Because the Ovarian Cancer dataset does not include manual cell phenotypes, we instead compare the prediction accuracy of survival time data for each method across all patients in the study to determine if one method has greater biological sensitivity than the other. The original study shows that survival of ovarian cancer patients is significantly correlated with B-cell and CD4 T-cell, as well as spatial interaction between CD4 T-cell and macrophage. Therefore, we evaluate the methods using this dataset by fitting a survival model with age, cancer stage, B-cell proportions, CD4 T-cell proportions, and the spatial interaction between Macrophage and CD4 T-cells estimated by Ripley’s H with r=50 (Kiskowski, Hancock, and Kenworthy 2009). Ripley’s H is a geospatial index that describes spatial attraction/repulsion. We fit a model for each method, where the cell phenotypes are determined using the given method, and compare all models, as well as a base model that includes only age and cancer stage. We use a random forest survival model to be sensitive to complex nonlinear relationships (Ishwaran et al. 2008; Ishwaran, Kogalur, and Kogalur 2023). To estimate variability in the out-of-bag performance error, we compare the methods across 100 bootstrap samples. Performance error quantification is based on C-index (Harrell et al. 1982), where a low performance error means that the model is a good fit, and a performance error of 0.5 is a random chance. For all methods, incorporating the cell-level information reduces out-of-bag error performance by approximately 0.075, over the base model that includes only age and cancer stage. This indicates that spatial cell phenotype covariates are useful in predicting survival outcomes, consistent with the original findings in Steinhart et al. (2021). The posterior probability slightly outperforms other methods, having the lowest prediction error in 46% of the bootstrap samples, compared to 36% with ASTIR and 18% with the marginal probability (Figure 2.3 c).
2.5 Summary
GammaGateR is a semi-automated maker gating tool. Driven by a novel cfGMM estimation framework, GammaGateR generates reproducible and evaluable marker gating for mIF data.
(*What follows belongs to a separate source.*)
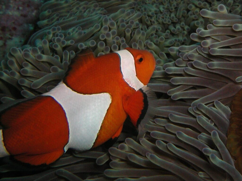 • イソギンチャクの隠れ家でノホホーンとのんびりしているのはカクレクマノミさんですがお腹がパンパンです!・・・もうじき可愛い赤ちゃん(卵)が生まれそうですがちょっとお疲れ気味の様でカクレクマノミのお母さんの表情が眠そうです・・・赤ちゃんを産むのは大変なことですから眠いのも仕方ないですよね・・・心穏やかにお過ごしください・・・ちなみにカクレクマノミさんの性別ですが群れの中で身体が大きいか小さいかで見分けがつきます・・・一番大きいカクレクマノミさんがメスで仲良さげに一緒に泳いでいる次に大きいカクレクマノミさんがオスでその2匹が夫婦の関係となります・・・大きいメスはイソギンチャクの中で堂々とした動きを見せオスはその周囲でメスを守るような振る舞いをすることが多い様です・・・つまり一番大きいカクレクマノミさんがメスで二番目に大きいカクレクマノミさんがオスそして3番目4番目のカクレクマノミさんがオスでもメスでもないカクレクマノミさんなのです・・・この未成熟のカクレクマノミさんは群れの端にいて控えめに行動しあまり目立たないのも特徴です・・・しかも不測事態が起こってメスがお亡くなりになると2番目に大きいオスがメスになり次にオスでもメスでも無い3番目の大きさのカクレクマノミさんがオスに変わっていきます・・・すぐに変化するわけではないのですが不測の事態状況下になると時間をかけ変化はおきていくのです・・・この写真では写ってないですけど近くできっと旦那さんが暖かく見守ってますよね!
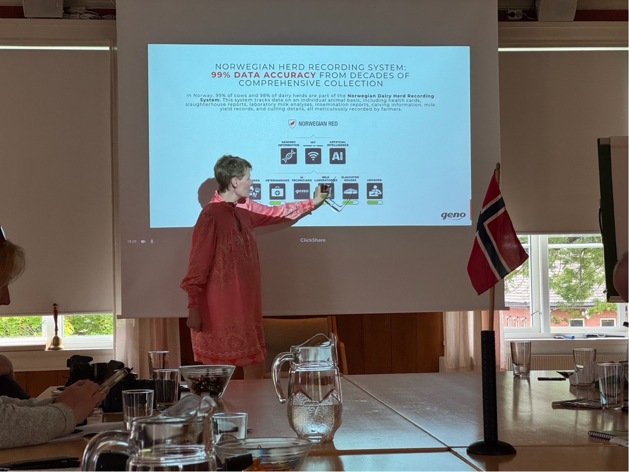 Near Oslo airport, the last farm the group visited is a dairy one, owned by Torynn and Hans-Petter Aurstad which conduct tests and measures of methane emission for Geno on their norwegian red cows.

In addition, cfGMM enables computationally feasible model estimation for large-scale datasets like mIF. The marker gating output of GammaGateR can be used to define phenotypes and as input to downstream analysis. GammaGateR implements interactive visualization to quality check the clustering results (see vignette in Supplementary Material) and allows users to modify the constraints to improve model results when needed. Consequently, GammaGateR provides more consistent results with silver standard labels than ASTIR, the existing state-of-the-art method for automated phenotyping of cell-level mIF data. In the examples shown in this section, GammaGateR phenotypes had slightly improved ovarian cancer survival prediction accuracy compared to ASTIR. This paper also compares the posterior and the marginal probabilities returned by GammaGateR. The marginal probabilities only use the marker positive cell distribution to determine cell phenotypes, whereas the posterior probabilities take into account the distribution of the marker negative cells. Using posterior probabilities was almost always better indicating the importance of accounting for the full distribution of the marker intensities when identifying marker-positive cells.